Today Sergei is an elderly bookseller, and he declares himself surprised by the changes: "I did not think that burkas, paranžas and khižabs would return," he says referring to the heavy Islamic women's clothes and veils that cover the face, now allowed again in public thanks to a law passed in July by Mirziyoyev. The new wave of "public devotion" is spreading with impressive speed in a country of 36 million people, the most populous in all of Central Asia.
Together with many other Russians, Sergei, decided to leave Uzbekistan, despite the fact that he had never before felt the desire to move to Russia. Today there are 720 thousand Uzbeks of Russian origin, compared to 1.7 million in 1989, before the collapse of the Soviet regime.

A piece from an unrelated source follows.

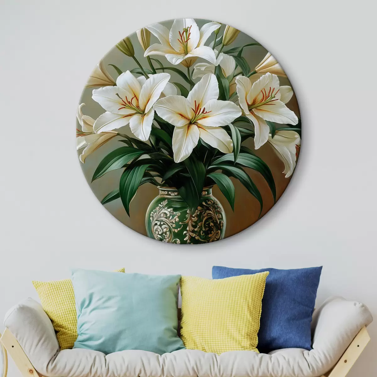 Runde Wandbilder Blumenstrauß aus weißen Lilien in einer Vase r42975

Even the men are showing signs of Islamization, especially in the length of their beards, which were unthinkable in the years of Islam Karimov's post-Soviet presidency. The local Communist Party secretary took power in 1991 and held it until his death in 2016. In his day, police were instructed to stop and forcibly shave bearded men, as they did in the days of Peter the Great in the 1700s to westernize Russia, and arrest them if they resisted.
As his first act after replacing Karimov, Mirziyoyev granted amnesty to the thousands of Muslim "prisoners of conscience," along with several acts of expanding religious freedoms. After the seizure of Kabul, however, crackdowns on suspected terrorists have now also returned, creating a major contradiction in Uzbek society. Nigala Khidojutova, who was expelled from the country in 2005 for having formed the opposition Free Peasants Party, reports "it is the government itself that encourages religious radicalization, even if it arrests some extremists for demonstrative purposes".
Nigala says "widespread corruption is causing great resentment in a very weak civil society, with poorly educated youth, widespread lawlessness and now religious radicalism; it is a bomb that will explode at the first spark." Many Uzbeks recall with dread what happened in 1999, when local Islamists linked to the Taliban swept through Tajikistan's Fergana Valley, demanding control of the area and free passage for jihadist guerrillas.
Many Uzbek Muslims, and also many imams, today sympathize with the new Taliban; it is no coincidence that Mirziyoyev has publicly supported the appointment as Grand Mufti of the moderate Nuriddin Kholiknazarov, who grew up under the Soviets and is considered one of the few people capable of holding together the different souls of Uzbek Islam.